* Task statement
Carry none of the pictures over; write out the complete data exactly.

* Dataset excerpt
[Start of Attachment]

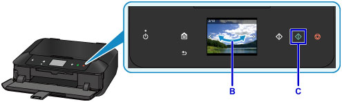Bläddra åt höger och vänster bland fotona (B) och välj ett foto.
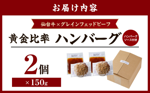 仙台牛×グレインフェッドビーフ 黄金比率ハンバーグ 150g2個セット ハンバーグソース付き
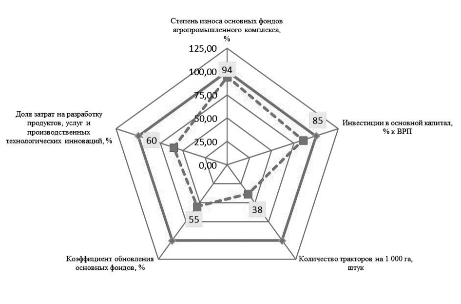 - индикаторы «Доля затрат на разработку новых продуктов, услуг и производственных технологических инновации» и «Коэффициент обновления основных фондов» находятся в зоне «критического» риска и составляют соответственно 60 и 55 %. Данное положение свидетельствует о том, что реальной угрозой инвестиционной сферы агропромышленного комплекса РМ можно считать низкий уровень инновационных разработок для АПК, которые могли бы стать основным драйвером роста и обновления производственных фондов;

[End of Attachment]

* Written response
Bläddra åt höger och vänster bland fotona (B) och välj ett foto.
 仙台牛×グレインフェッドビーフ 黄金比率ハンバーグ 150g2個セット ハンバーグソース付き
 - индикаторы «Доля затрат на разработку новых продуктов, услуг и производственных технологических инновации» и «Коэффициент обновления основных фондов» находятся в зоне «критического» риска и составляют соответственно 60 и 55 %. Данное положение свидетельствует о том, что реальной угрозой инвестиционной сферы агропромышленного комплекса РМ можно считать низкий уровень инновационных разработок для АПК, которые могли бы стать основным драйвером роста и обновления производственных фондов;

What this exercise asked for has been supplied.